Pienso en un colega amigo que hasta el día de hoy cree que todo esto es un invento mío, que no existe el tal Daniil Kharms, que es una excusa para hacer hablar a otro donde hablo yo, y pienso que lleva tanta razón este amigo colega, porque Daniil ya no está. Lo que sí hay es transmisión11, eso que el artista hace con su arte y otro toma y se le hace carne.

Nicolás Cerruti 2012

1 Piénsese en el famoso y descarnado (aunque sirva de carnada) El libro negro del psicoanálisis.

2 Esto es fruto de un trabajo llamado “Lo absurdo y lo contingente”, presentado en una página que quiere pensar el psicoanálisis desde la lógica de lo literario y con el motivo de lo absurdo:

www.daniilkharms.tumblr.com

3 Entre nos, el típico gorro del genial detective nunca existió, más bien lo introdujo uno de los ilustradores de sus libros. Pero todos lo conocemos con ese símbolo, la pipa, y el “elemental, mi querido Watson”, que tampoco pronunció.

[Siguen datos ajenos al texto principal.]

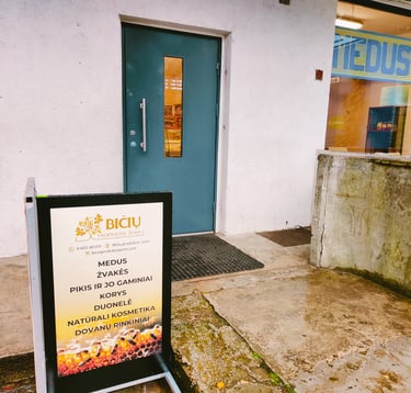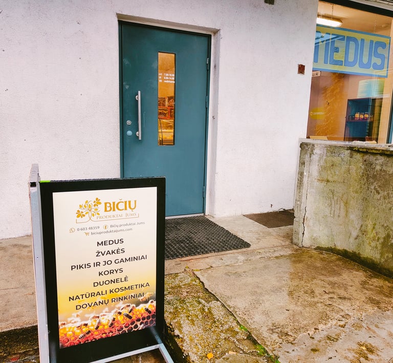 Kviečiame apsilankyti mūsų jaukioje parduotuvėlėje Kaune! Čia rasite visus mūsų bičių produktus – nuo medaus iki natūralios kosmetikos ir žvakių. Galėsite pauostyti, išbandyti kosmetiką, pasitarti ir išsirinkti dovanas gyvai.

4 Pensemos ya en el nombre, Oberiu, si bien responde a las siglas de Asociación por el Arte Real, la “u” final está puesta por puro capricho.

5 Lacan quizás hubiese dicho: “para hacer nada”.

6 Lo llamaba en las cartas a Abraham, “Konrad”.

7 Carl Spitteler.

8 Tanto el poema, como todos los datos de Daniil Kharms, son extraídos del libro Literatura Rusa del Absurdo, un hallazgo literario de George Gibian; del que la biblioteca del Palacio Pizzurno tiene un ejemplar, y las librerías de Buenos Aires cero.

9 A leer como absurdo “no”, expresado en la prohibición.

10 Juan Gelman, “Golems”, Contratapa del Página 12 del 7 de Febrero del 2002.

11 Para este concepto pienso en “Transmisión y Talmud” de Lacan. Gracias Silvia Lef.